It should be noted that BaFin established a specific section on its homepage to assist start-up companies. In particular BaFin offers an online questionnaire based on which it will provide the inquirer with a preliminary opinion on whether the proposed activities are licensable or not.
Are there specific restrictions with respect to the issuance or custody of crypto currencies, such as a regulatory or voluntary moratorium?
BaFin takes a rather pragmatic view vis-à-vis crypto assets. BaFin qualifies crypto assets with a view to their respective features in existing categories such as (debt or equity) securities, vouchers etc. According to such qualification BaFin applies the existing rules and, for example, requires the publication of a securities prospectus for the public offering of crypto assets that are qualified as securities.
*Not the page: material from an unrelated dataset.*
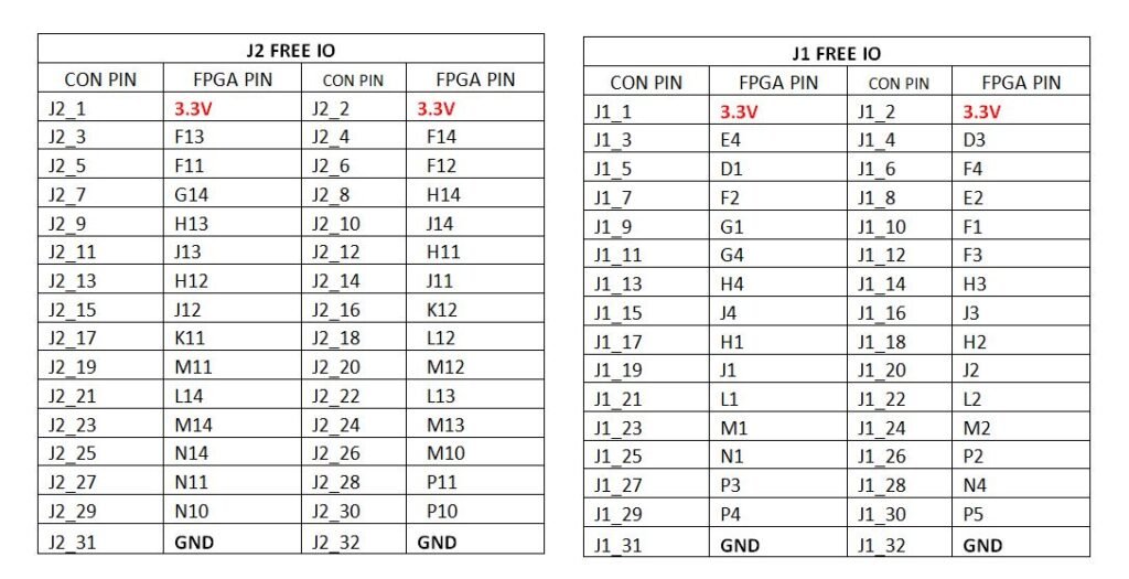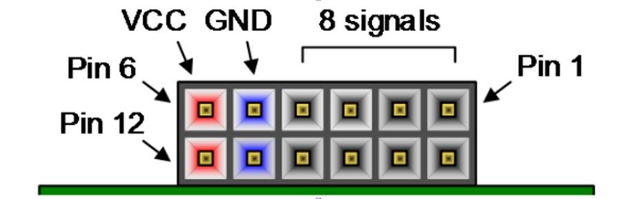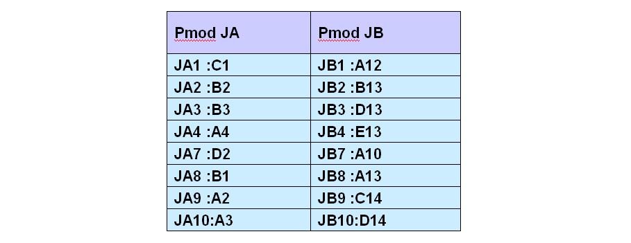 The Pmod ports are arranged in a 2×6 right-angle, and are 100-mil female connectors that mate with standard 2×6 pin headers. Each 12-pin Pmod ports provides two 3.3V VCC signals (pins 6 and 12), two Ground signals (pins 5 and 11), and eight logic signals. The VCC and Ground pins can deliver up to 1A of current. Pmod data signals are not matched pairs, and they are routed using best-available tracks without impedance control or delay matching. Pin assignments for the Pmod I/O connected to the FPGA are shown in the below table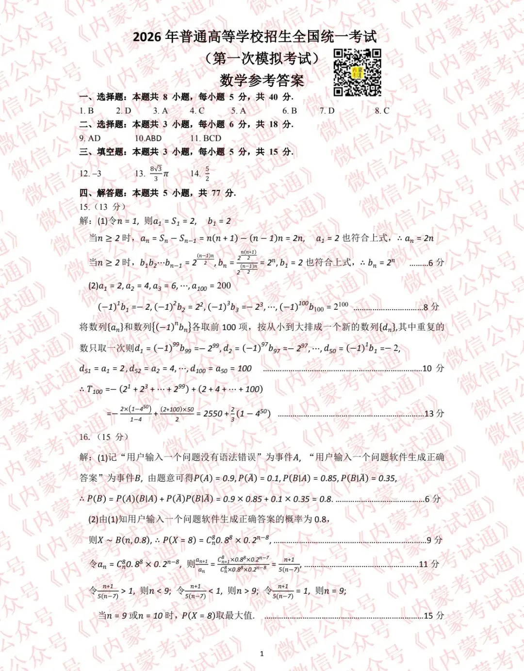 2026年内蒙古包头市高三年级一模考试试卷及答案,微信公众号《内蒙考试通》分享的2026年内蒙古包头市高三年级一模考试试卷及答案分享给所有同学和老师,希望能够帮助考生在2026年高考当中获得好成绩。建议考生关注公众号《内蒙考试通》第一时间获取最新试题及答案。

With respect to the typical “crypto currencies” BaFin holds the view that they qualify as financial instruments in the form of “units of account”. As a consequence, rules relating to financial instruments, including licence requirements, apply to dealings in crypto currencies, including custody. As a general rule BaFin stated in a note that mining of crypto currencies is generally licence-free in Germany, however, dealings in crypto assets could, depending on the actual activity, qualify as investment brokering, investment advice, portfolio advice, safe custody business or the operation of a multilateral trading facility. Further, it should be noted that BaFin apparently started to intervene in token-generating events where it comes to the conclusion that the risks for the market attached to the token-generating event are not acceptable.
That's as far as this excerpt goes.